Eğitim Sen Eskişehir Şubesi, Mali Sekreteri Fidan Güneş Gürgör, Köy Enstitüleri’nin kuruluş yıldönümü nedeniyle yaptığı açıklamada, Cumhuriyet’in eğitim projesi açısından önem taşıyan Köy Enstitüleri’nin, bir süre sonra köy çocuklarının aydınlanmasından duyulan rahatsızlığın da etkileriyle birleşince kapatıldığını söyledi.

Köy Enstitüleri’nin kurucu-yöneticisi İsmail Hakkı Tonguç’u ve bu eğitim kurumlarına emek vermiş eğitimcileri saygıyla andıklarını vurgulayan Gürgör, “Köy Enstitüleri, kuruluş yasasına göre köy öğretmeni ve köye yarayan çeşitli meslek sahiplerini yetiştirmek amacını taşımaktaydı. Özellikle köy aydınlanması açısından önemli hizmetler vermiş olan bu okullar hem bir dönemin aydın kuşaklarının yetiştirilmesine kapı aralamış hem de öğretmen yetiştirme sistemi açısından bir model olmuştur” dedi.

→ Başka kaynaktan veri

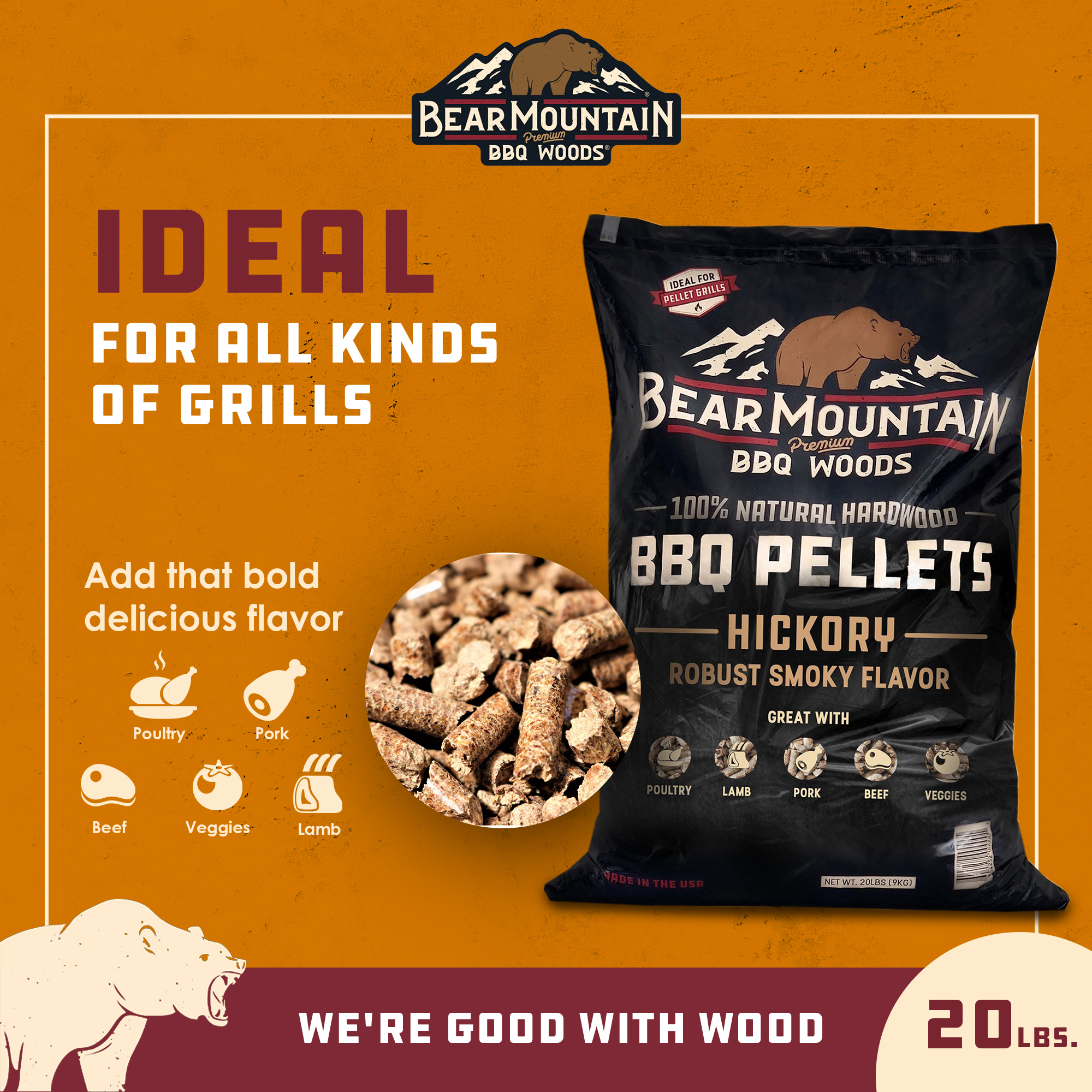 Kick your grilling skills up a notch with Bear Mountain BBQ Premium All-Natural Hardwood Hickory Smoker Pellets.

Birinci Dünya Savaşı’nın yol açtığı yıkımın ardından kurulan bir ülkede, çok sınırlı kaynaklarla ve insan gücüyle, teori ile pratiği birleştirmeyi ve kaynakları en iyi şekilde değerlendirmeyi başaran Köy Enstitüleri, öğretmen yetiştirme açısından özel bir model olduğunu belirten Eğitim Sen Şubesi Mali Sekreteri Fidan Güneş Gürgör şunları söyledi: “Bugün Türkiye’de yerleştirilen pratikten kopuk, dogmatikleşmiş eğitim anlayışının karşısında Köy Enstitüleri deneyimi bir bakıma yaşamla bilgi arasında bir köprü oluşturmuş ve yaşayarak öğrenme pratiklerinin geliştirilmesi adına önemli katkılar sunmuştur. Ayrıca aralarında Fakir Baykurt, Talip Apaydın, Emin Özdemir, Adnan Binyazar gibi çok sayıda edebiyat ve sanat insanının yetişmesini sağlamıştır.

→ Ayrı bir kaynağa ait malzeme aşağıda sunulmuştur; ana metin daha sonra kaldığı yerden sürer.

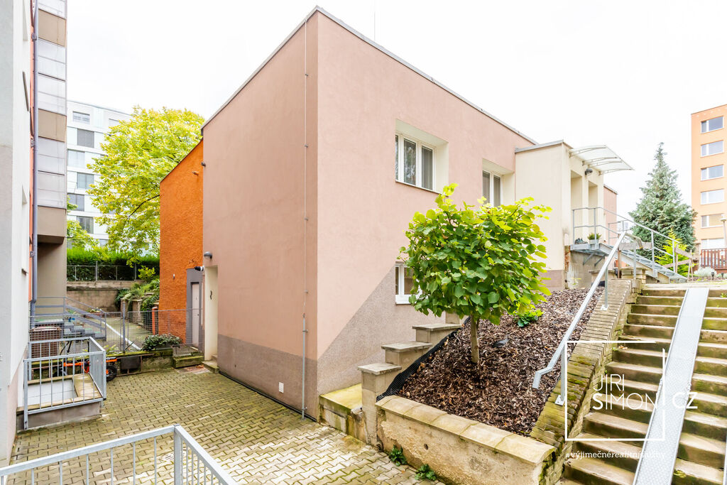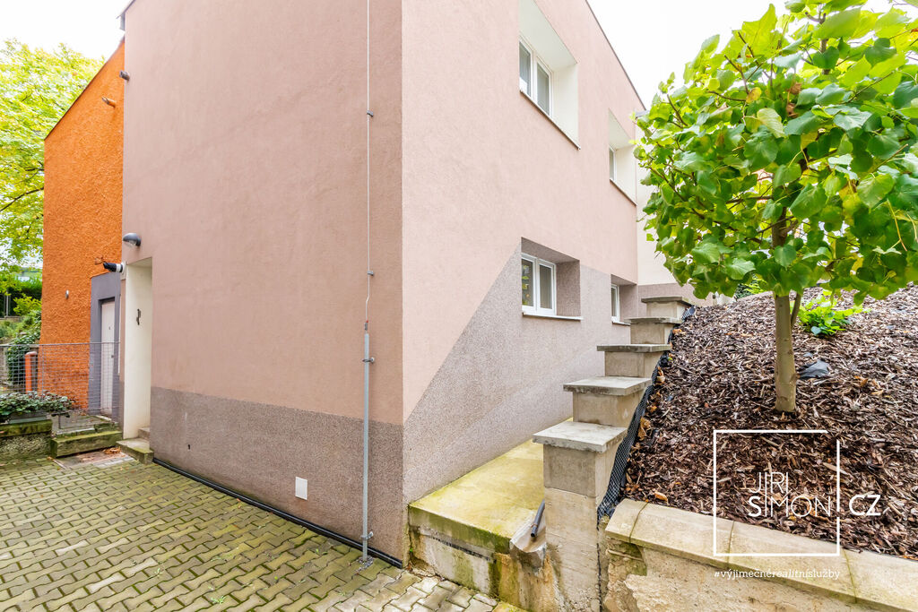 Jedná se o malý objekt s čtyřmi byty, postavený ve vnitrobloku. Tento byt je umístěný v přízemí tohoto domu a má svůj vlastní vchod a je možné využívat část pozemku před bytem. Do bytu je možné jít přes bytový dům nebo zadním vchodem ze zahrady.

Öğretmen yetiştirmede tam bir keşmekeş yaşanmaktadır. Önce YÖK ve Milli Eğitim Bakanlığı arasındaki koordinasyonsuzluk, öğretmen yetiştirme ile ihtiyaçlar arasında dengesizlik yaşanmasına yol açmıştır. Ardından öğretmen atamalarında tam bir kıyım süreci başlamıştır. Eğitim fakültelerini başarıyla tamamlayarak mezun olmaya hak kazanan öğretmenlerin atamaları yapılmayarak genç öğretmenler KPSS‘ye tabi tutulmaya başlamıştır. Ardından istihdam politikalarındaki esnekleştirme ve güvencesizleştirme doğrultusunda, kadrolu öğretmen atamaları her geçen gün azaltılarak yerine sözleşmeli, ücretli öğretmenlik gibi daha güvencesiz ve esnek statüler oluşturulmuştur. Bugün gelinen aşamada, okullar öğretmensiz, öğretmenler ise işsiz durumdadır. Dahası, ülkenin Başbakanı, her üniversite mezununun, mezun olduğu alanda iş bulmak gibi bir beklentisinin olmaması gerektiğini, Milli Eğitim Bakanı ise eğitim fakültesi mezunlarının da kendilerine başka işler aramaya başlamalarını dile getirmektedir. Köy Enstitüleri‘nin 74. kuruluş yıldönümünde, eğitim sistemimiz alt üst edilirken öğretmen yetiştirme konusunda da gelinen nokta budur.”